INSTRUCTIONS FOR THE TASK.
Pictures are to be left out; every line from the one with "Participaram especialmente da" through the end of the data must be transcribed exactly.

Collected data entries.
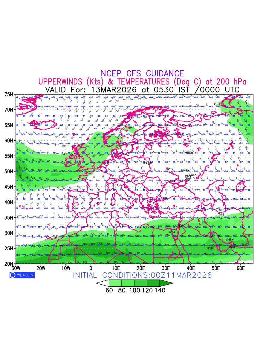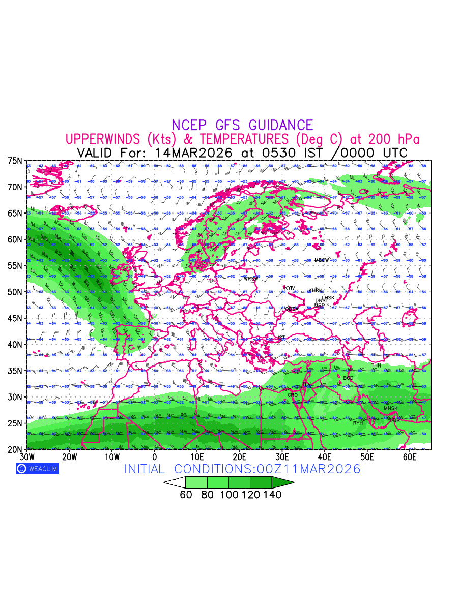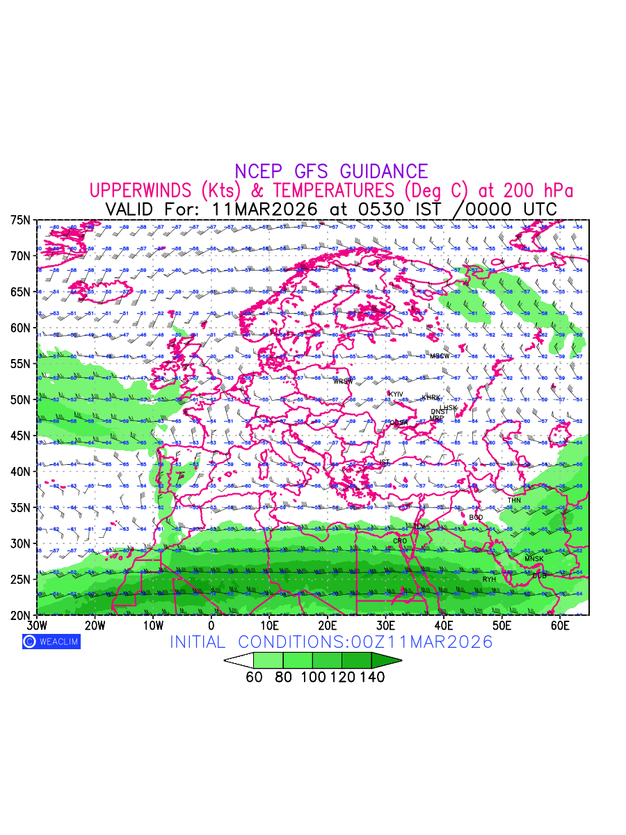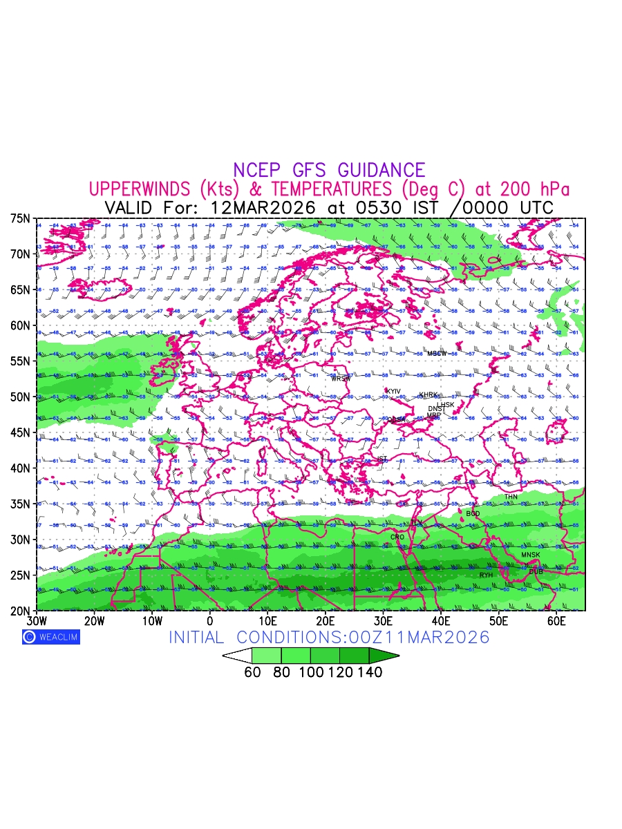 Winds at 200 hPa at the 24th hour for Europe refers to the predicted wind direction and speed at a pressure level of 200 hPa, which is located in the upper troposphere (approximately 12 Km or 7.5 Miles above the Earths surface). The winds are presented knots (kt), and the direction is given in degrees from true north. ‘JetStreams’ are marked in shades of green for winds with magnitude of more than 60 kt is a narrow band of high-speed winds that can influence weather patterns over large areas. Along with the wind speed (kt) and direction , upper air temperatures (Deg C) are also shown at the grid points over the European Region at 200 hPa level for the next ten days.
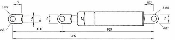 GETO Lift-Gasfeder ST-1 100mm Hub - 285mm Gesamt
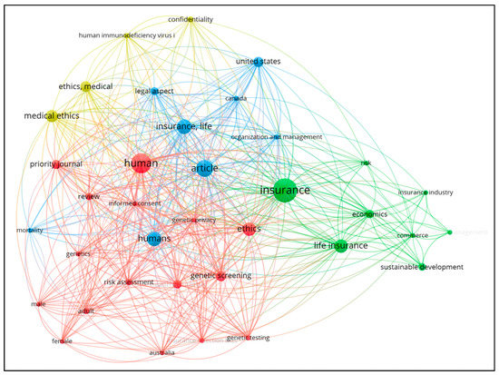 The first cluster is highlighted in red and includes 14 items. As supported by the VOSviewer output provided in Figure 7, these keywords received the most extensive attention from the researchers investigating green insurance practice. Cluster 1 includes the following keywords: insurance, life insurance, economics, risk, profitability, the insurance industry, commerce, Canada. Further, the second cluster is highlighted in green and includes 12 items. The most corresponding keywords in this cluster are human, humans, health insurance, genetic testing, adult, mortality, risk assessment, and life. The third cluster is highlighted in blue and includes 12 items. The words with the highest occurrence entail ethics, genetic screening, review, insurance selection bias, genetic diseases, and inborn. Finally, the fourth cluster is highlighted in yellow and includes 12 items. The critical keywords in this cluster are insurance life, article, the United States, medical ethics, ethics medical, confidentiality, human immunodeficiency virus. Four current streams of the research area were detected using the indicated clusters (see Table 7). Hence, considering keywords included in each cluster, the following current streams were displayed: insurance and economics, health and human, genetics, and ethics and insurance.
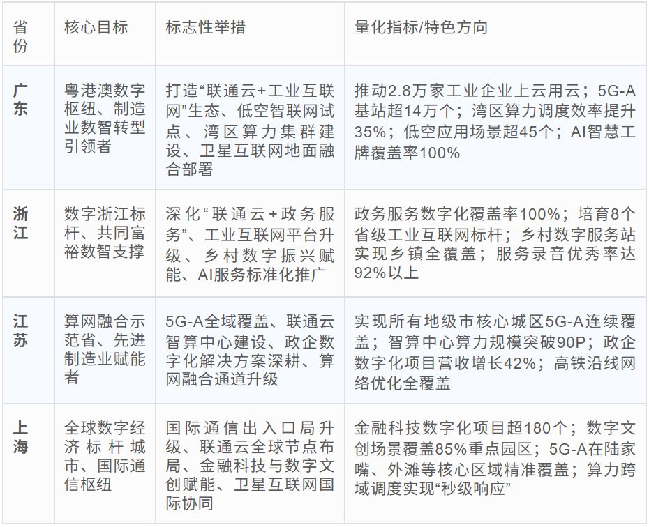 ○推崇省份:区域算力集群、联通云智算中心规模化运营、算网融和会谈升级(如广东湾区、上海全球节点),侧重算力高效谐和与AI、卫星互联网贯通期骗。
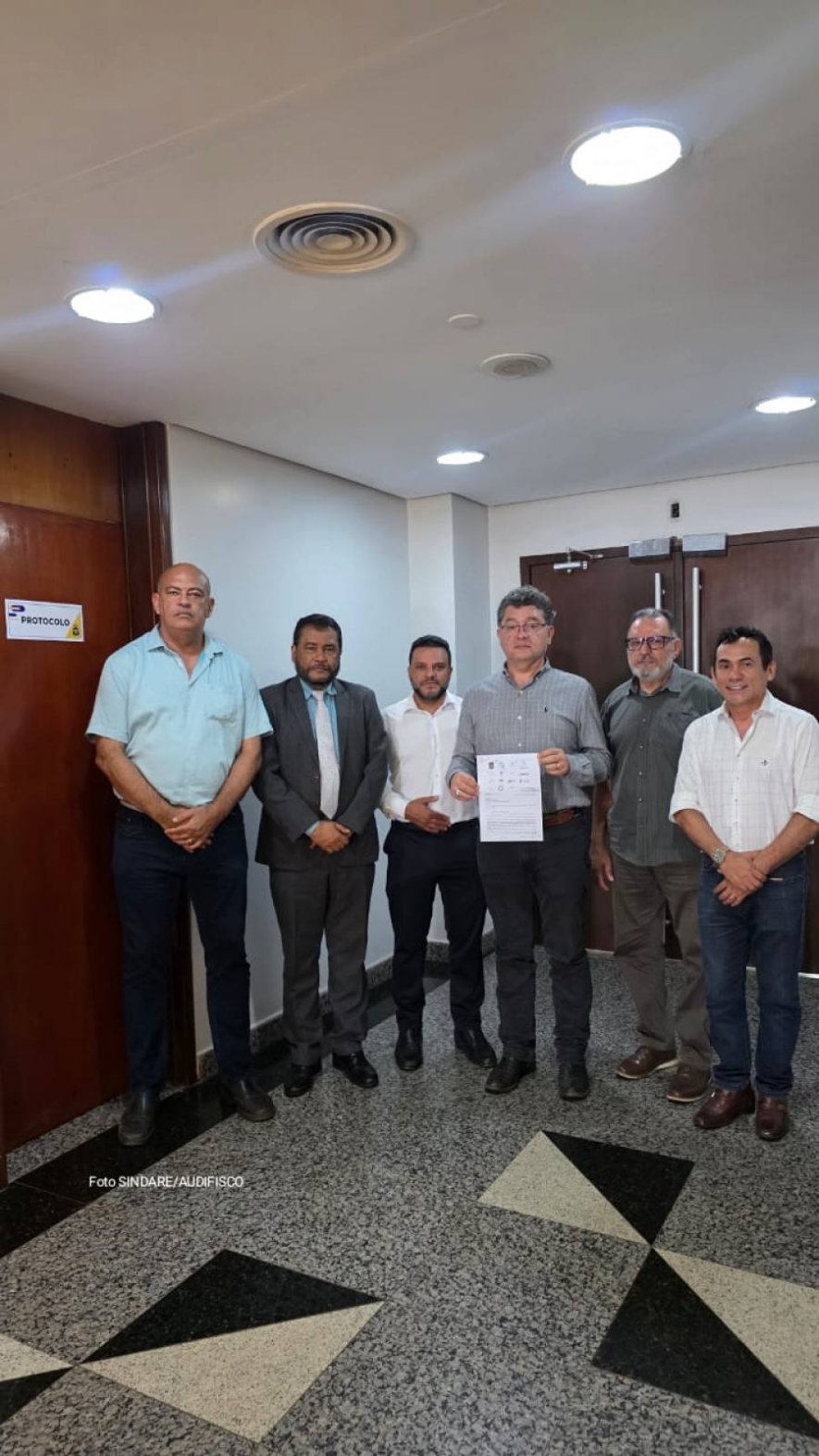 Participaram especialmente da mobilização no Palácio Araguaia, na tarde de hoje: Jorge Couto, Suzano Lino e Artur Barros, do Sindare e da Audifisco; Dr. Emerson Moura, do Sindepol; Dr. Reginaldo Abdala, do Simed; e Divaldo Andrade, do Sindifiscal. Mais cedo, na reunião, houve também a participação do Ten. Cel. De Souza, da Aometo.
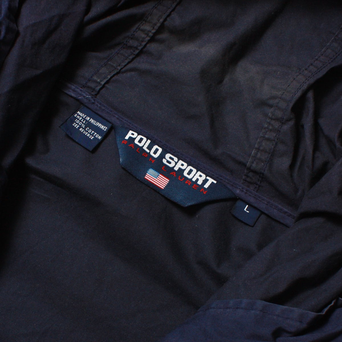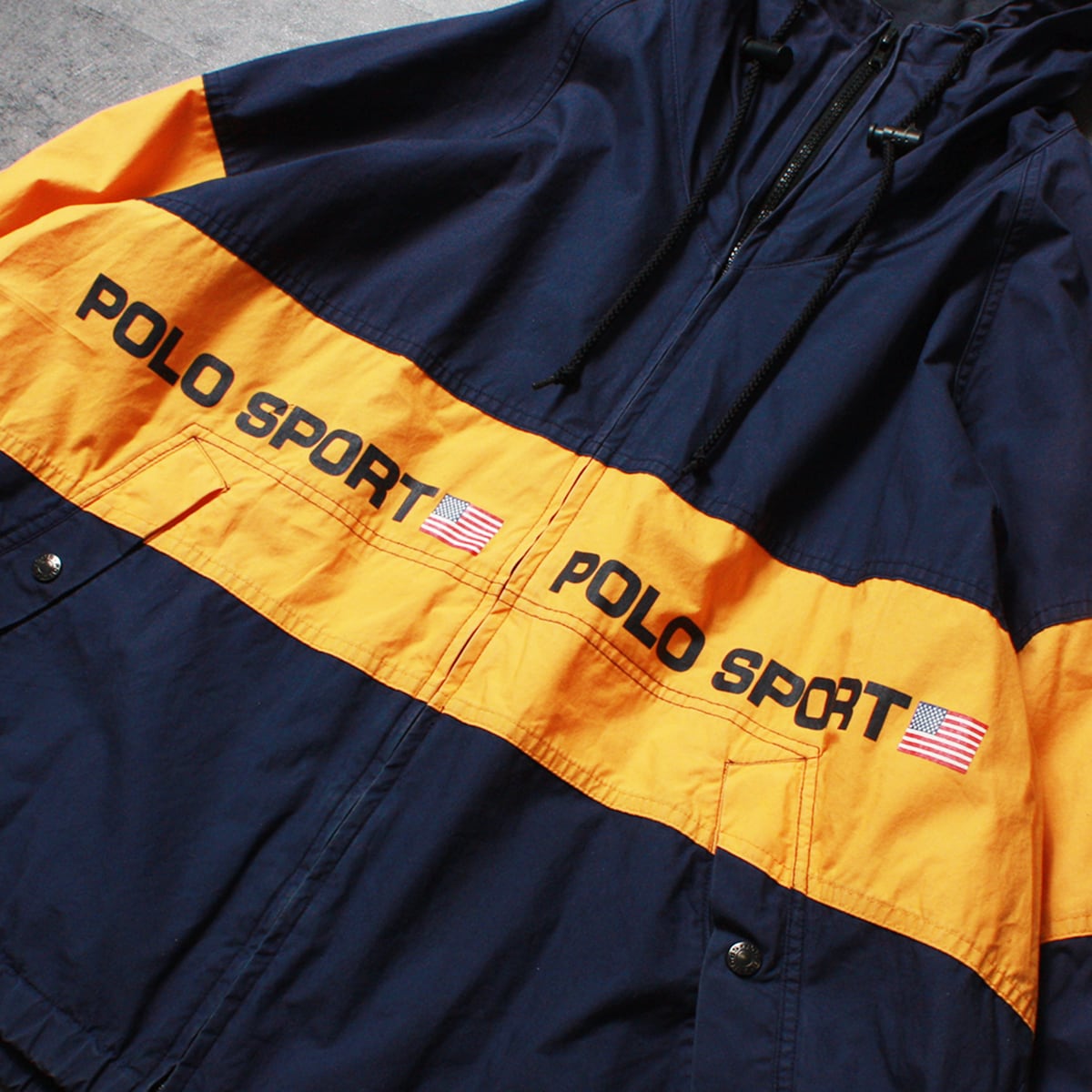 POLO SPORT ポロスポーツのコットンジャケットです。ネイビーとイエローの配色に『POLO SPORT』のロゴが目を引くアイテム。貴重な90sのアイテムです。コットン素材なので着心地も軽く肌寒い季節にさらっと着用いただける一品です。
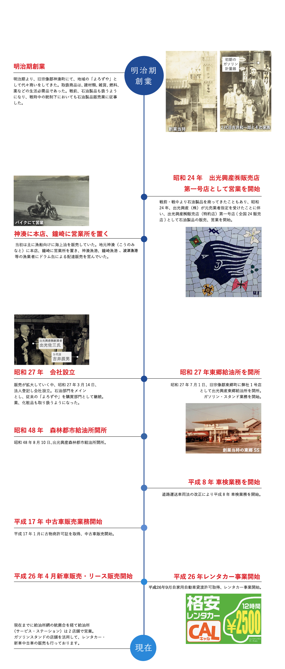 第一号店として営業を開始 - 戦前・戦中より石油製品を商ってきたこともあり、昭和24 年、出光興産(株)が元売業者指定を受けたことに伴い、出光興産㈱販売店(特約店)第一号店( 全国24 販売店) として石油製品の販売、営業を開始。
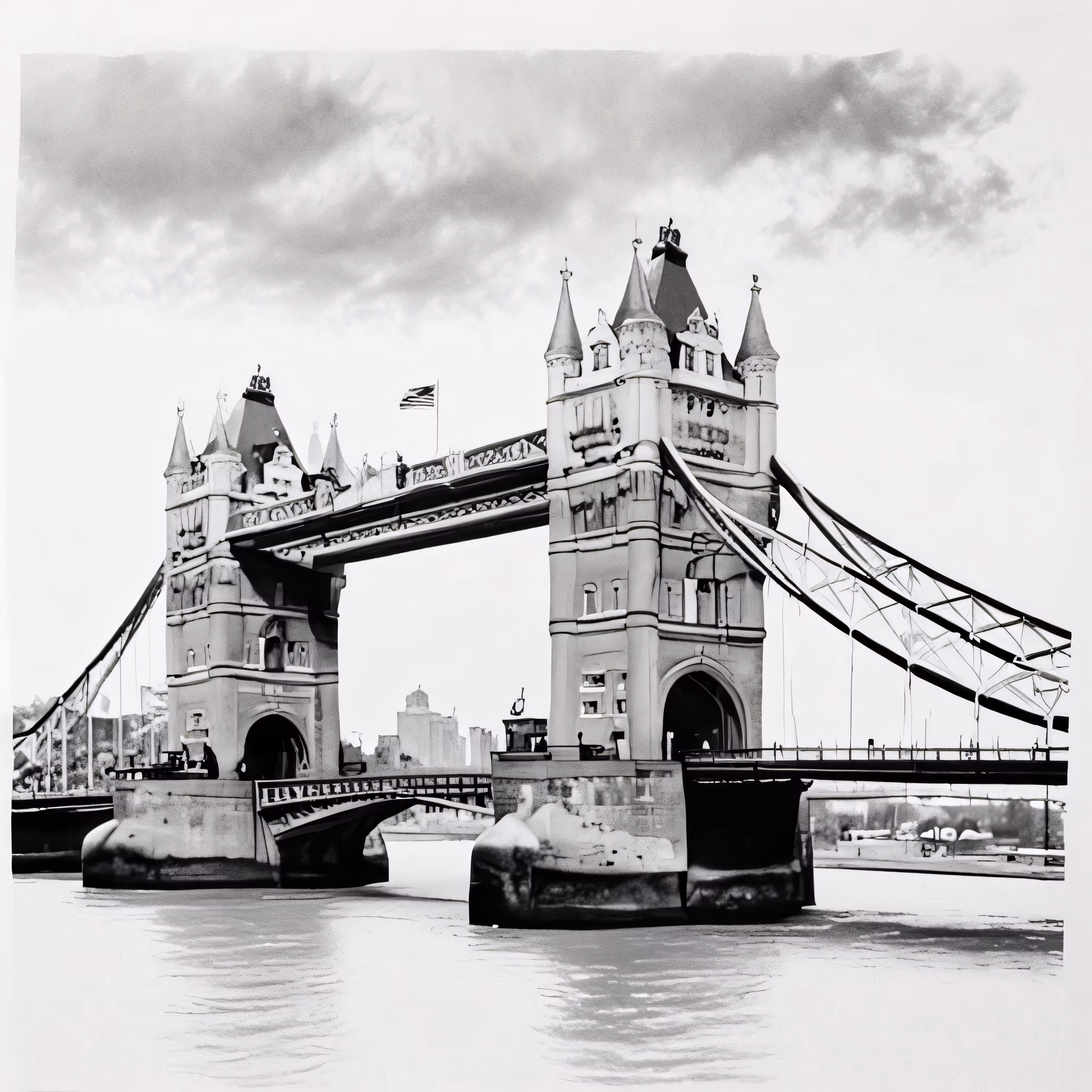 High resolution picture, free to use, black and white photograph of london bridge over water
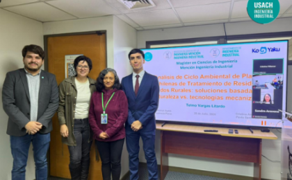 El pasado 28 de julio de 2025, el estudiante Telmo Vargas Litardo defendió su trabajo de título “Análisis de Ciclo Ambiental de Plantas Chilenas de Tratamiento de Residuos Líquidos Rurales: soluciones basadas en la naturaleza versus tecnologías mecanizadas”, para optar al título de Ingeniero Civil Industrial y al grado de Magíster en Ciencias de la Ingeniería mención Ingeniería Industrial.

RESPONSE.
 Participaram especialmente da mobilização no Palácio Araguaia, na tarde de hoje: Jorge Couto, Suzano Lino e Artur Barros, do Sindare e da Audifisco; Dr. Emerson Moura, do Sindepol; Dr. Reginaldo Abdala, do Simed; e Divaldo Andrade, do Sindifiscal. Mais cedo, na reunião, houve também a participação do Ten. Cel. De Souza, da Aometo.
 POLO SPORT ポロスポーツのコットンジャケットです。ネイビーとイエローの配色に『POLO SPORT』のロゴが目を引くアイテム。貴重な90sのアイテムです。コットン素材なので着心地も軽く肌寒い季節にさらっと着用いただける一品です。
 第一号店として営業を開始 - 戦前・戦中より石油製品を商ってきたこともあり、昭和24 年、出光興産(株)が元売業者指定を受けたことに伴い、出光興産㈱販売店(特約店)第一号店( 全国24 販売店) として石油製品の販売、営業を開始。
 High resolution picture, free to use, black and white photograph of london bridge over water
 El pasado 28 de julio de 2025, el estudiante Telmo Vargas Litardo defendió su trabajo de título “Análisis de Ciclo Ambiental de Plantas Chilenas de Tratamiento de Residuos Líquidos Rurales: soluciones basadas en la naturaleza versus tecnologías mecanizadas”, para optar al título de Ingeniero Civil Industrial y al grado de Magíster en Ciencias de la Ingeniería mención Ingeniería Industrial.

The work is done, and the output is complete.